The ‘jobseeking conditions’

To claim JSA you must sign a “Claimant Commitment” outlining the steps that you will take each week to look and prepare for work. You will need to be available for and actively seeking work, and you will be asked to attend regular meetings with your work coach..However in discussion with your work coach, you may be able to restrict the number of hours you are available for work to fit around your caring role, but not to less than 16 hours.

How do I claim JSA and report a change in my circumstances?

In England, Wales and Scotland you can phone the Jobcentre Plus on 0800 055 6688 or you can apply online.

In Northern Ireland you can contact your local Social Security or Jobs & Benefits office. For further information contact Carers Northern Ireland.
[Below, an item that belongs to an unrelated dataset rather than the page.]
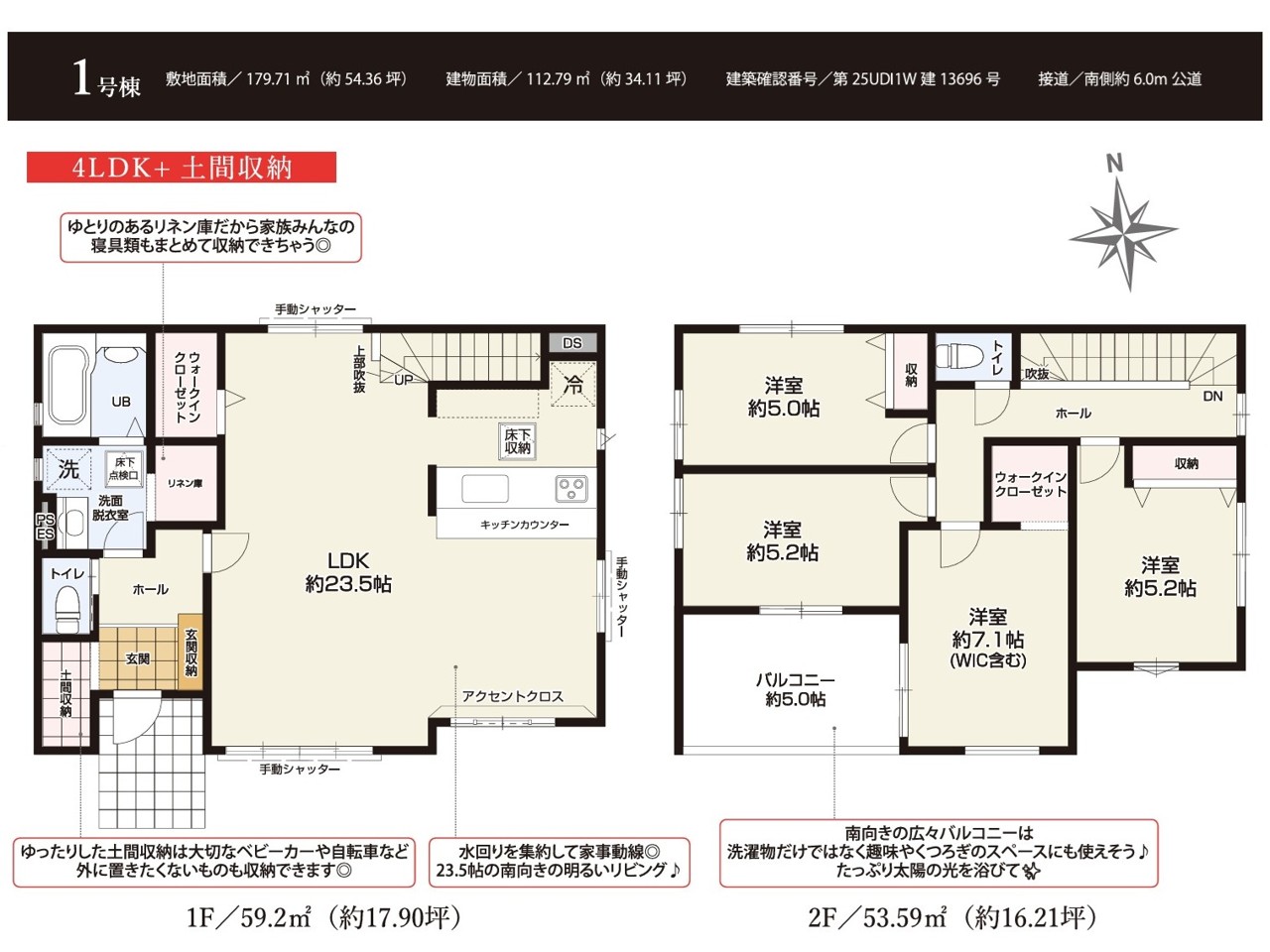 | 間取 | 4LDK + 2WIC、リネン庫、土間収納あり (LDK23.5帖、洋室7.1帖、洋室5.2帖、洋室5.2帖、洋室5帖) | ||

You can sometimes ask for JSA to be backdated. For further information contact the Carers UK Adviceline.

If there is a change in your circumstances you must notify the relevant benefit department. In England, Wales and Scotland this is the Jobcentre Plus (0345 608 8545) and in Northern Ireland this is your local Social Security or Jobs & Benefits office.

What happens if I disagree with a JSA decision?

If you disagree with a JSA decision you can challenge the decision. You have to do this within one month of the date on the decision letter (although if you are outside of this time limit it might still be possible so seek advice). For further information on challenging a decision you can view our challenging a benefit decision webpage.